Salivary gland tumors are rare and very heterogeneous types of head and neck cancer. Among them, salivary duct carcinoma (SDC) is one of the most aggressive, with poor prognosis and few recommendations for treatment. Numerous targetable mutations have been described in SDC, especially for Human Epidermal growth factor receptor 2 (HER2), up to 56% according to the literature. This target is interesting due to the development of several forms of anti-HER2 therapy in other cancers. Finally, the antibody-drug conjugate trastuzumab-deruxtecan (T-Dxd) significantly improves progression-free survival and objective response rate, with tolerable side effects. Few data have been published concerning anti-HER2 therapies for SDC, mainly concerning T-Dxd, most of the studies described treatment with docetaxel or trastuzumab alone. As patients with SDC are often young and without comorbidities, they receive a few different treatments. That is why case reports about patients with SDC treated by T-Dxd can facilitate molecular testing of these tumors and improve our knowledge about this rare disease. This report describes a 44-year-old man with HER2-positive locally advanced SDC who experienced disease progression just after surgery. Molecular analysis showed positive androgen receptors, MLH1 mutation, and HER2 positivity. He had received several different treatments, including endocrine therapy, chemotherapy, immunotherapy, and anti-HER2 therapy. The longest duration of treatment was observed with T-Dxd: 13 months, allowing local treatment of localized progression (cervical lymph nodes, bone metastasis) at the same time. This report and other published data highlight the need for better implementation of recommendations for molecular testing regarding a rare and aggressive salivary tumor. In addition, these data should increase the development of clinical research in this small patient population.

Keywords

case report deruxtecan HER2 salivary gland cancer trastuzumab

Molecular characteristics of salivary duct carcinoma

Salivary duct carcinoma (SDC) is a rare tumor of the parotid gland accounting for approximately 5%–10% of all salivary gland malignancies.¹ It is known as the most aggressive histology among many different salivary tumor subtypes. SDCs are frequently compared to breast ductal carcinoma, and they share specific immunohistological features. Among them, an androgen receptor (AR) is expressed in more than 90% of patients, allowing endocrine therapy as first-line treatment.² The recent literature suggests that 7%–56% of SDCs have shown a positive immunohistochemical (IHC) staining for the human epidermal growth factor receptor 2 (HER2) encoded by the ERBB2 gene.^3–5 HER2 is a member of the epidermal growth factor receptor family and is overexpressed in a broad range of malignancies. Since the breakthrough of trastuzumab (tz), a monoclonal antibody directed to HER2, in the early 90s, anti-HER2 therapies have been approved, particularly HER2-positive breast and gastric cancer.^6,7 Despite the scarce occurrence of SDC, several trials have focused on HER-positive SDC with interesting results in terms of response rate and progression-free survival (PFS).^8–10 More recently, third-generation anti-HER2 agent trastuzumab-deruxtecan (T-Dxd) has shown impressive results in breast and gastric cancer.^11–14

There are very few published studies about SDC patients treated with T-Dxd. In Destiny-PanTumor02, a total of 24 patients with head and neck cancer were included, 19 of whom had salivary gland cancer.¹⁵ An objective response rate of 41.7% was observed, with 12.5% experiencing drug-related interstitial lung disease or pneumonitis.

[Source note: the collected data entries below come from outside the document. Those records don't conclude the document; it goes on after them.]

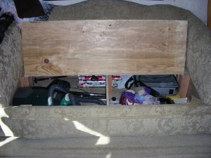 . None of which we used. I have to give all the credit to my Father-in -law for the final design and how well it works. All of my ideas were kind of crude and goofy. The best part for me, Norm is very happy with the new storage, and that is very good for me. Second best is getting half of the vacuum out of my side of the closet. The other half was in Norm’s side, she’s happy, now there’s more room for shoes. Last, but just as good, is the weight savings of venting the insides of the sofa bed. We set it out next to the road with a free sign hoping someone would take it, but that was a no go. We decided to keep the mattress for a future home improvement, but we will have to pay to take the remains to their final resting place (the dump).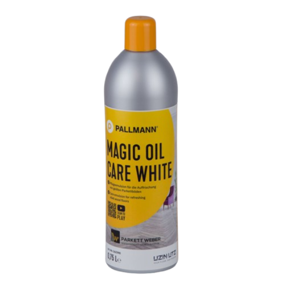 PALLMANN MAGIC OIL CARE WHITE bruges til at pleje og genopfriske oliebehandlede trægulve.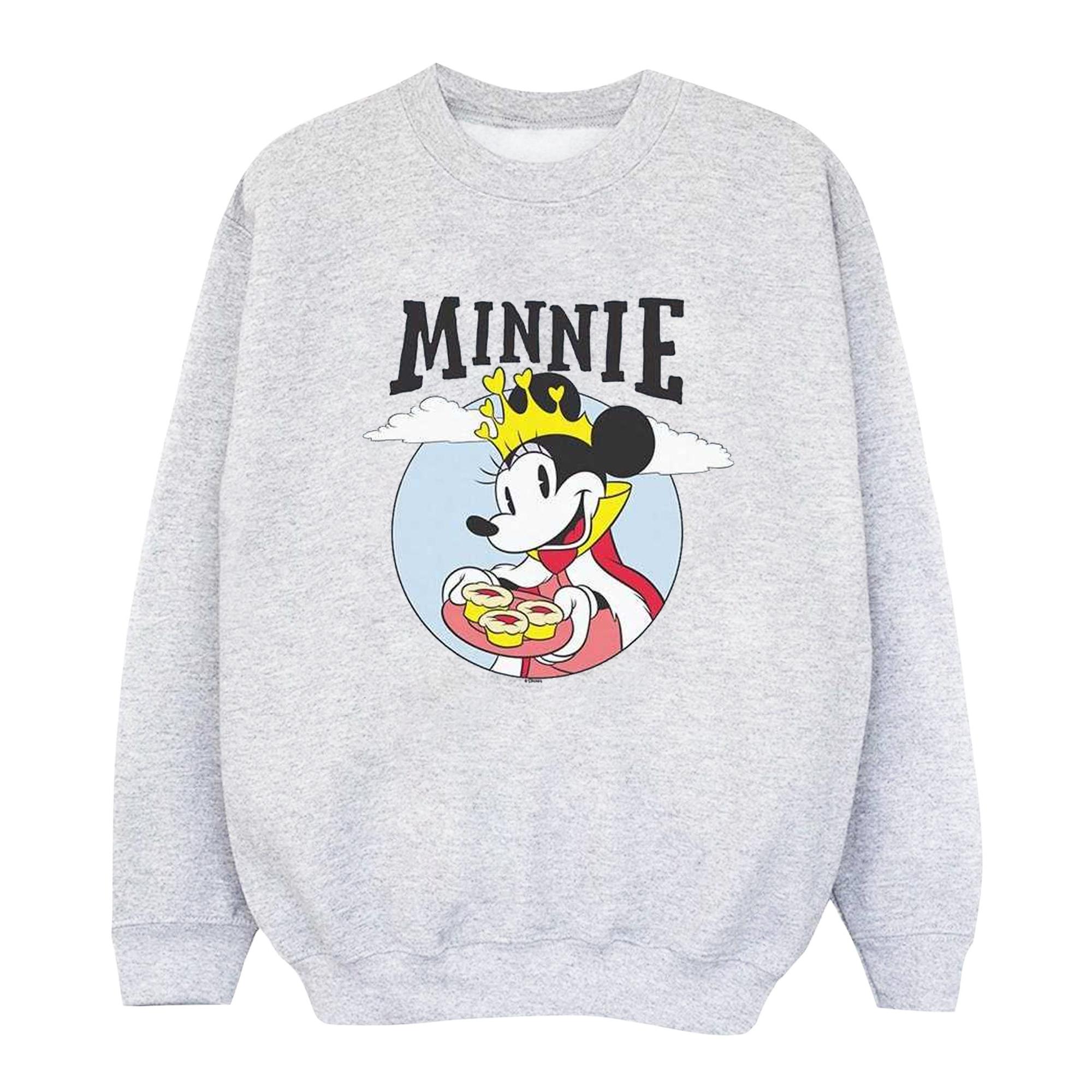 Questa felpa presenta un'incantevole stampa grafica di Minnie Mouse, rendendola un'aggiunta deliziosa a qualsiasi guardaroba casual. Il design mostra Minnie Mouse che indossa una corona e tiene un vassoio di dolcetti, su un cerchio azzurro con nuvole, e la parola "MINNIE" è ben visibile sopra.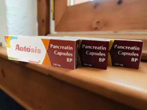 Aotosis Capsule should be taken during or immediately after eating a meal or a snack with plenty of water. This helps the enzymes mix with the food so they can help digest it. The dose you’re given will depend on your condition and how you respond to the medicine. You should take this medicine until your doctor tells you to stop. You may be taking it for the rest of your life, so get into a routine and make sure you take it regularly. Aotosis Capsule may only be a part of your treatment which could include a special diet.

Another phase I study including eight SDCs with HER2 overexpression, showed tumor shrinkage but with very few details, and some case reports have described stable tumor or response for patients already treated with anti-HER2 therapy (trastuzumab monotherapy, trastuzumab emtansine, or tucatinib).^16–19 However, more real-life data are required to build a clinical trial in the hope of obtaining a major response, as has been observed with this molecule in other types of cancer.

Case presentation

The reporting of this study conforms to the CARE guidelines (Supplemental Material).²⁰

The patient was a 42-year-old Caucasian man, without comorbidities, who had been consulted for unexplained sudden right facial paralysis, improved on steroids. A few days later, computed tomography (CT) of the face found intraparotid calcified nonspecific lesions. One month after the first episode of facial paralysis due to clinical re-aggravation, the patient underwent a right parotidectomy with ipsilateral cervical node dissection.

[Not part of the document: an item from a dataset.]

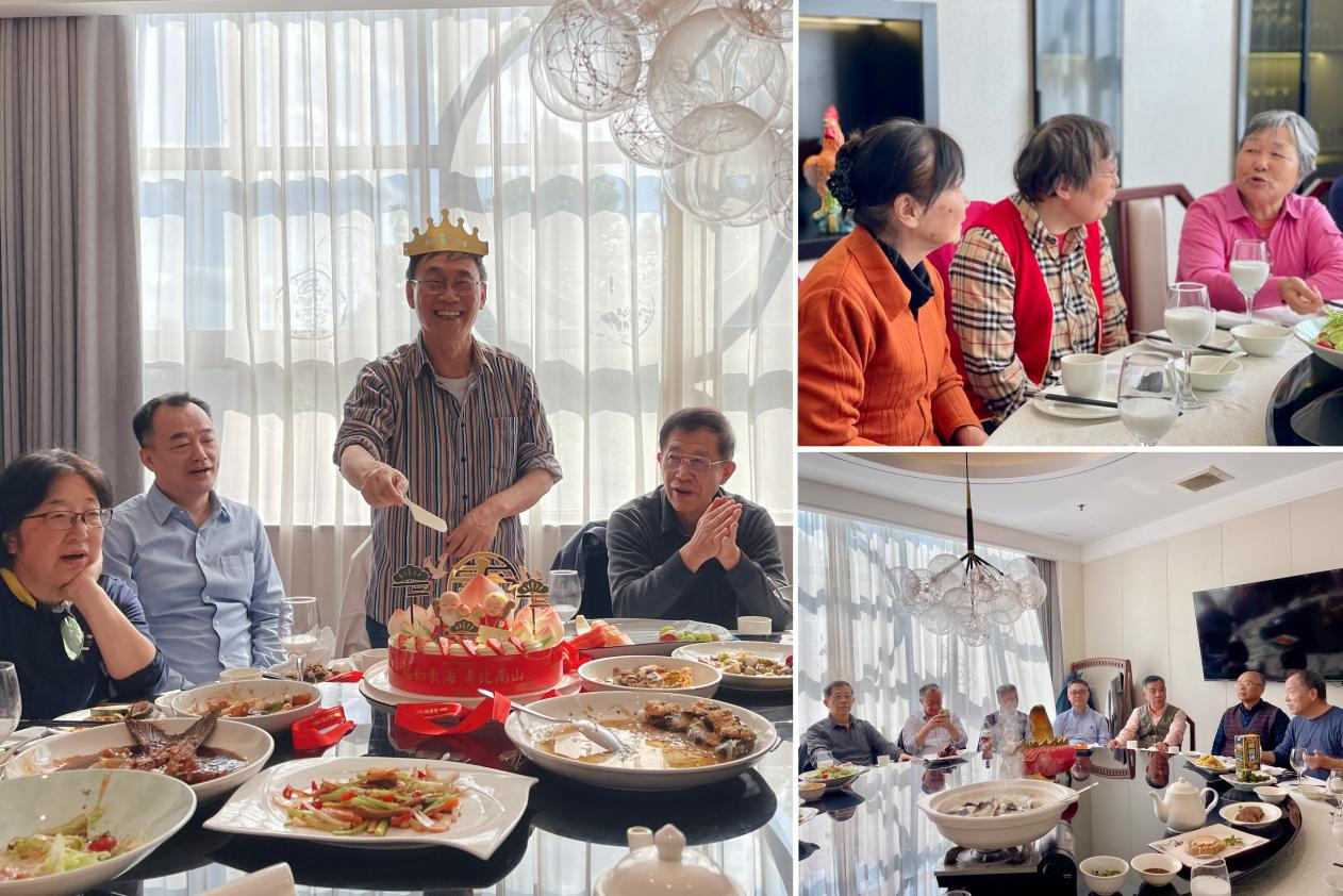 换届会结束后大家一同前往江湾食堂用餐,大家围坐交流,分享彼此近况,倾听他们对学院工作的建议。并为到场的70岁寿星郭建送上生日祝福,祝愿老同志们生活幸福、健康长寿。

Pathological analysis revealed ductal adenocarcinoma, 10/29 tumoral nodes including one in extranodal extension (T2N3bMx according to AJCC January 2018). Assessment of tumor extension after surgery with CT scan and positron emission tomography (PET) imaging revealed right cervical nodes and at least two liver metastases, no brain metastasis. Complementary tumor analysis reported a tumor overexpressing AR (85% of positive cells) and HER2, with strong circumferential membrane staining 10% of the tumor cells by IHC, classified 1 + and was scored as amplified by dual-color dual-hapten in situ hybridization (ratio of 282/66 = 4.27). Furthermore, the tumor was proficient MissMatch Repair, a finding confirmed by molecular biology (microsatellite stability profile).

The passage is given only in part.